Mumbai, Aug. 7: ICICI Bank, having consolidated its business at home, is ready for an overseas expansion that will cost it $120 million initially when it brings subsidiaries in UK and Canada under its own fold.

The plan, which aims to lure retail and corporate customers, includes setting up of an offshore banking unit in Singapore and opening representative offices in Dubai and Shanghai. In the US, where it already has a representative office, the bank will spread its wings, but will do so only in the second phase.

Managing director and CEO K. V. Kamath told reporters at the inauguration of the bank’s first offshore banking unit (OBU) in Mumbai’s SEEPZ special economic zone that tasks at home were almost over. He was pointing to the large investments made in technology, ATMs, call centres and other customer-delivery channels. “Domestically, all systems are in place, and the next challenge is to emerge as a global entity.”

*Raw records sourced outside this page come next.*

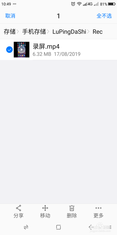 首先我们需要找到保留在手机上的视频地址,在一个名字为“REC”的文件夹中。曾经写过一篇如何寻找录屏巨匠视频的经验,不会找的可以参考一下
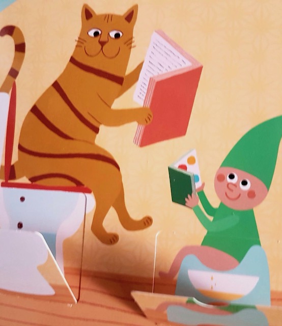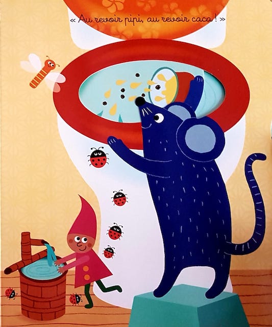 Tout est fait pour attiser leur curiosité et inciter le jeune lecteur à manipuler clapets, roue et tirettes afin de voir les personnages se débrouiller pour faire caca et pipi au bon endroit, et quand il faut. Il y a même de quoi actionner la chasse d’eau ! (Merci à Maryse Guittet, l’illustratrice qui a su si élégamment s’occuper de l’animation-tourbillon d’eau des toilettes, un pur délice !)
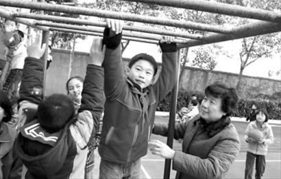 四年級(jí)的汪強(qiáng)投籃不小心摔倒在地,陶阿姨立即跑上前幫忙;四年級(jí)的幾位男生喜歡吊單桿,陶阿姨站在一邊做保護(hù)……今天早晨7:40,記者在浦東南路小學(xué)看到,護(hù)導(dǎo)老師和保安在校門口迎接每一位到校的學(xué)生;提前到校的學(xué)生,在附近居民志愿者的指導(dǎo)下,在操場上參加各種體育運(yùn)動(dòng)。
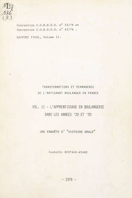 2. Transformations et permanence de l'artisanat boulanger en France (2). L'apprentissage en boulangerie dans les années 20 et 30
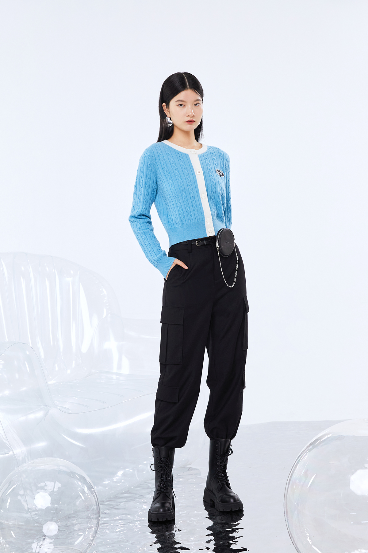 NEELLY纳俪商场同款高腰立体打褶西装裤显瘦束脚哈伦裤百搭休闲裤N22072H01036

Joint managing director Lalita Gupte said the bank’s UK subsidiary alone will require $50 million. The Canada arm will need a seed capital of Canadian $ 5 million, while a planned Singapore offshore banking unit will take $10 million. A phased expansion in these countries later will cost more.

The UK and Canadian subsidiaries will kick off with 25-30 employees by the end of this calendar year. The first branch in Toronto will lead the way for more in future. Underpinning that is an improvement in Canadian-Indian trade ties, besides the strong links it has with banks already doing business in the US and Canada.

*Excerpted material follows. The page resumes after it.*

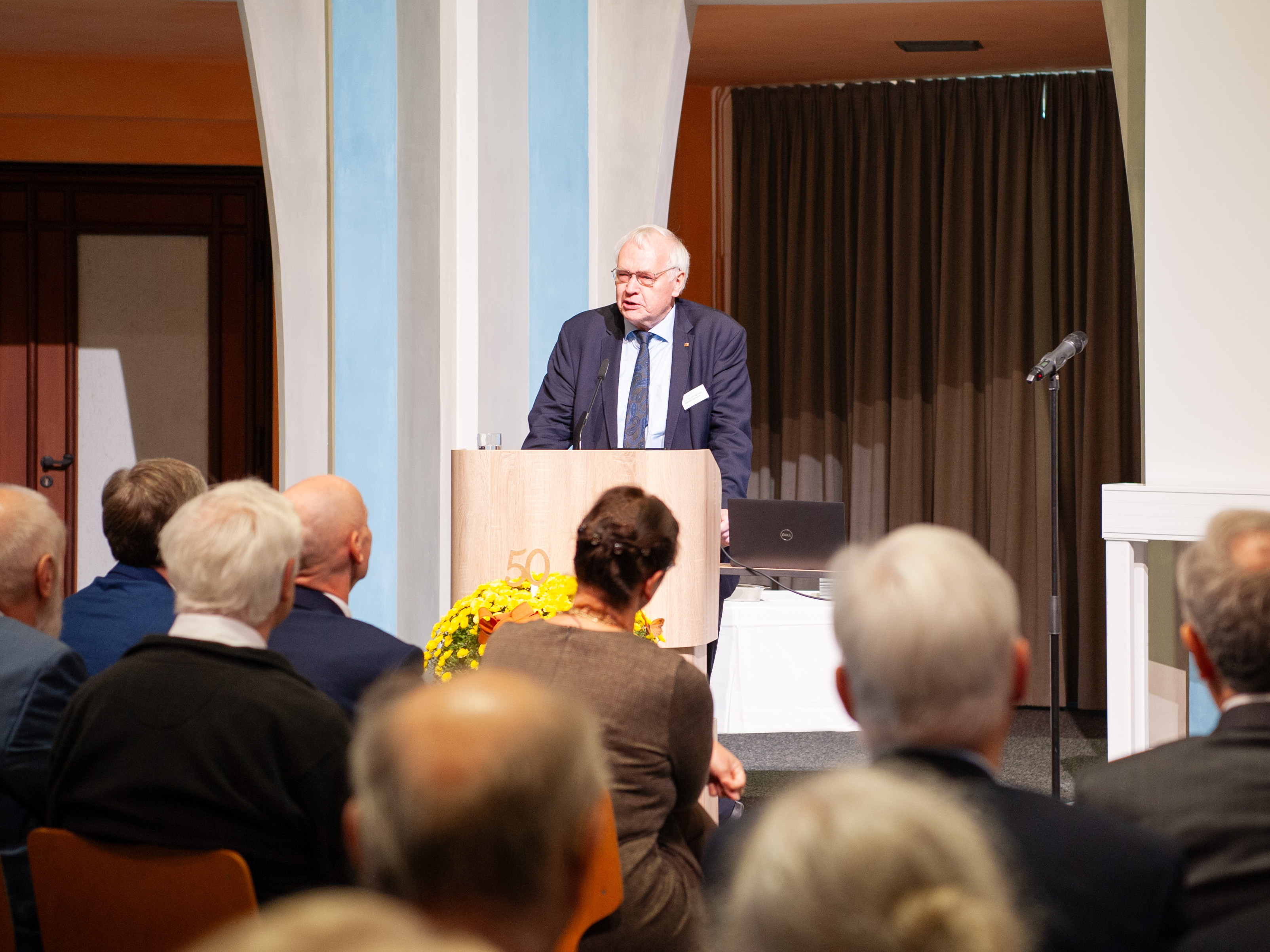 Von nah und fern waren die Jubilarinnen und Jubilare angereist, um an ihrer Alma Mater erneut ein Diplom entgegenzunehmen. „Soweit ich weiß, müssen wir dafür aber keine Prüfung ablegen“, scherzte der Diplomand Prof. Manfred Hennecke in seiner Jahrgangsrede. Viele schöne Erinnerungen verbinde er mit seinem Studienort: ein Kino und eine Disko im Ort, hohe Schneeberge und die Anreise mit dem Zug direkt zum örtlichen Bahnhof. Als studentisches Mitglied habe er sich im Allgemeinen Studierendenausschuss und Senat engagiert. Mit Blick auf den 250. Geburtstag der Universität im kommenden Jahr zog er scherzhaft eine Parallele: „Ich war Mitglied der Kommission zur 200-Jahrfeier. Damals spielte eine Band namens ,Meyer‘s Dampfkapelle‘. Wir können das Spektakel dann ja vergleichen.“

China, too, is rife with potential, and the surge in two-way trade with many Indian companies represents a tempting proposition. “China is an important step in globalising our operations,” Gupte added.

Senior general manager and head (international banking) Bhargav Dasgupta said the focus abroad will be on non-resident Indians there, but natives will also be served. “Indian companies are going global. We will bring competitive products and services in the foreign markets.”

Only a handful of public sector banks — SBI and Bank of India are the big two — have a presence overseas. ICICI Bank wants to slip into that untapped space.

Kamath, who has played a vital role in catapulting ICICI Bank to the top league, was confident that all foreign ventures would break-even in the “shortest possible time”. Asked to specify, he said it could be a year.

On the latest trends in the domestic economy, he felt demand for working capital will rise in the months ahead, the optimism based on strong corporate scorecards.

He said the bank has no plan to cut interest rates despite the recent decline in the yield on the benchmark 10-year government security by 10-15 basis points.